“You’re gonna know a lot about me by the end of this because the personal is the political,” states Prisca Dorca, without a hint of apology. It’s 6 p.m. on October 8, and she’s curled into a teal armchair on the stage, brimming with passion and excitement.

Born in Managua, Nicaragua, Dorca is a story-teller, feminist and public theologian; full of fire and Spanglish sayings, cultural insights and fierce love. Her work surrounds making accessible “the theories and heavy material that is oftentimes only taught in the racist/classist institutions known as academia,” as her website reads, which in part is what prompted La Fuerza Latina to invite her to speak.

“La Fuerza brought Prisca because she is a prominent female latinx whose way of relaying information is accessible and relate to not only latinx women,” shared Armando Roman ‘19, the president of the group, “but also because she encompasses the struggles that brown people experience in attending a predominantly white institution like Denison.”  
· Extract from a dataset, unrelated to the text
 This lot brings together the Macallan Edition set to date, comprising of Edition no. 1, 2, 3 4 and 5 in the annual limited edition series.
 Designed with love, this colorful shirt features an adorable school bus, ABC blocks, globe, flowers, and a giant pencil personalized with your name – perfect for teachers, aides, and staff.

Dorca graduated from Vanderbilt University in 2015 with a Masters in Divinity. Yet despite her multidisciplinary background, she doesn’t seek to “reclaim the pulpit” she prefers to sit in front of her audiences as she did in Denison’s Higley Auditorium, doling out wisdom and witticisms living-room style.
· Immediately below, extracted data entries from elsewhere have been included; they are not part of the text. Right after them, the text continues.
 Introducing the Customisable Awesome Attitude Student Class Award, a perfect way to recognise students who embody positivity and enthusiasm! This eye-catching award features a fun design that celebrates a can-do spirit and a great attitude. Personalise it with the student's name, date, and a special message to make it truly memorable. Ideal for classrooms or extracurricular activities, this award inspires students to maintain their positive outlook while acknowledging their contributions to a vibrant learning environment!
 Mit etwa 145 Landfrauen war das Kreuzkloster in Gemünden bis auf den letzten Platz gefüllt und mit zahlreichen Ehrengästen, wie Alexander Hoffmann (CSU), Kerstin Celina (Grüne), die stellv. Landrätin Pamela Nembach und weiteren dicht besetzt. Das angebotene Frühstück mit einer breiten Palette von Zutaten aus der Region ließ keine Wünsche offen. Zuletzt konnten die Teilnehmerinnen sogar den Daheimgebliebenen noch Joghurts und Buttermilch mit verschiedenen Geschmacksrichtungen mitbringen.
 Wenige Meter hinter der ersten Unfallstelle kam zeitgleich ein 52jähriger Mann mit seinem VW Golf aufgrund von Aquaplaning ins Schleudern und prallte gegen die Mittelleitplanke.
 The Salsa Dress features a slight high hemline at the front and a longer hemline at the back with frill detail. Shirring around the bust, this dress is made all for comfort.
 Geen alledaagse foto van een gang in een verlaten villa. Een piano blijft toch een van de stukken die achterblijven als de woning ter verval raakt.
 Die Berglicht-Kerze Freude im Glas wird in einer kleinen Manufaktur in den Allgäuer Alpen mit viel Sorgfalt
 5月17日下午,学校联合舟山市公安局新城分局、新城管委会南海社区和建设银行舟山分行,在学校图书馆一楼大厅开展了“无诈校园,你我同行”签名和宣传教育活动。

She’s not someone in favor of building bridges, of speaking in a way your oppressor can understand. Instead, her talk on campus began with a lengthy disclaimer. Spanish phrases would be included in her speech, as well as obscenities, because these are part of her daily life— why shouldn’t they be accepted in academics?

“I am a storyteller in a style that’s officially called non-linear logic,” Dorca went on. “I call it abuelita logic.”
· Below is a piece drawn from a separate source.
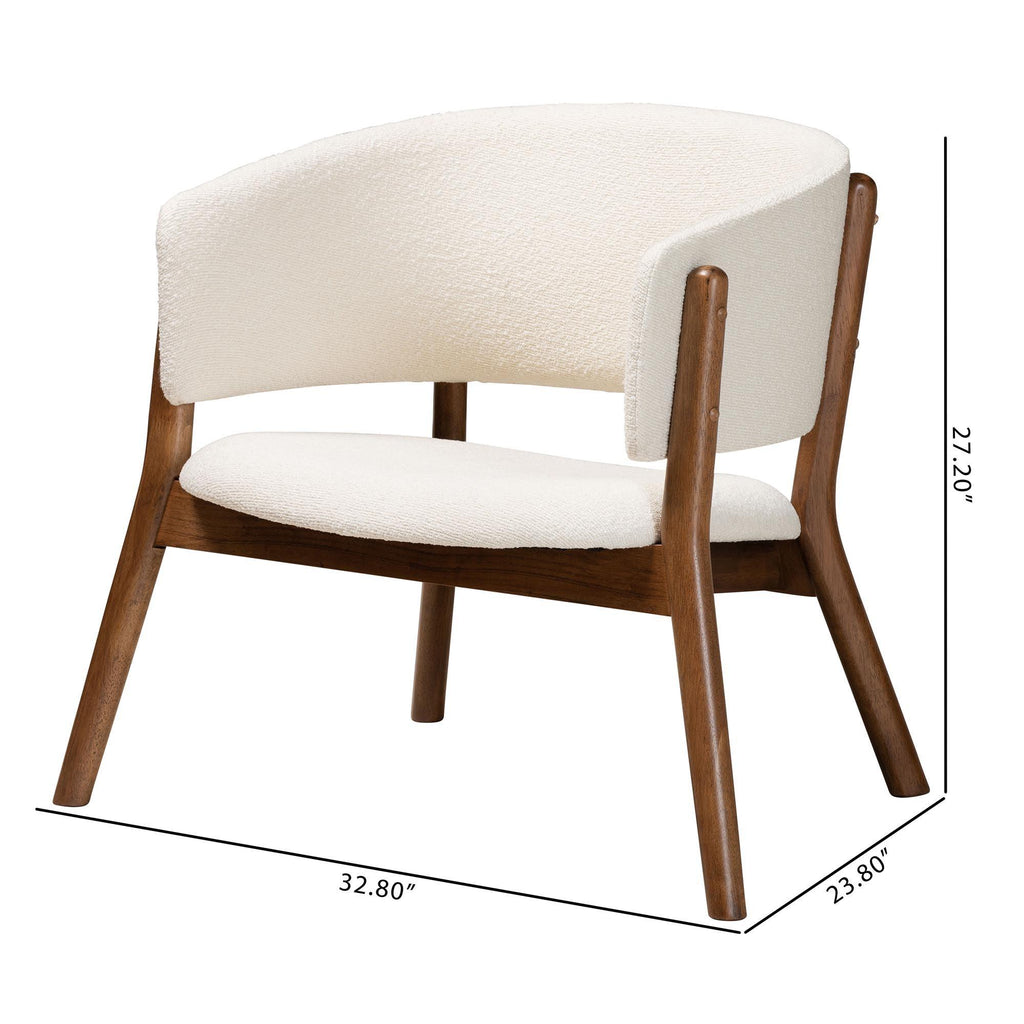 Baron Mid-Century Modern Cream Boucle Fabric Upholstered and Finished Wood 2-Piece Living Room Accent Chair Set

Through poetry and prose, Dorca spoke to her experiences attending a primarily white institution (PWI) as a cis, queer, brown latina woman. In college, she faced a lack of resources and cultural understanding that was at times hard to bear. These circumstances led to anxiety and imposter syndrome as she completed her degree.

“If I was set up to fail”, she wondered, “why am I even here?”

Yet as she found her way at school, Prisca Dorca described learning the opposite lesson upon returning home. Armed with newfound knowledge, she struggled to relate to her parents who seemed stuck in their ways.

“In my wokeness, I had forgotten how to talk to mi mami,” she relayed. She had to realize her mother had gotten all the education she had had access to, leading her to understand their differences in a new light. “I am mi mami’s revolution,” Dorca explained. “To ostracize is to say everything she put into me wasn’t good enough.” This realization in turn provided valuable insight on her education at a PWI: “The minute my education teaches me to look down on others, it has failed me.”

“I think people forget that everyone has a context. We have to understand everyone has a bias,” Dorca shared. She’s a fan of post-modernism as a result, and addresses much of the context that she observes through work addressed to herself, her partner, her family, and those who share her identity. In 2013, she founded Latina Rebels: an Instagram page bursting with quotes and validations, that now has over 112k followers. She’s published over 200 articles online, and has been featured in several notable publications. In 2016, her biopolitical writings even scored her an invitation to the White House. From her lived experiences and lengthy accomplishments, Prisca Dorca knows what it means to create space.

As the evening wore to a close, she concluded with a reading of the poem that, when first published in the Huffington Post, had propelled her into the limelight.

 

“Woke brown girl, do not let them take away your passion. And boy will they try, without any compassion, to keep you down. But remember that without passion you will extinguish, and if for some reason you do and you might, there will be other woke brown girls to pick you and light you up again.

Because, woke brown girl, we need each other.”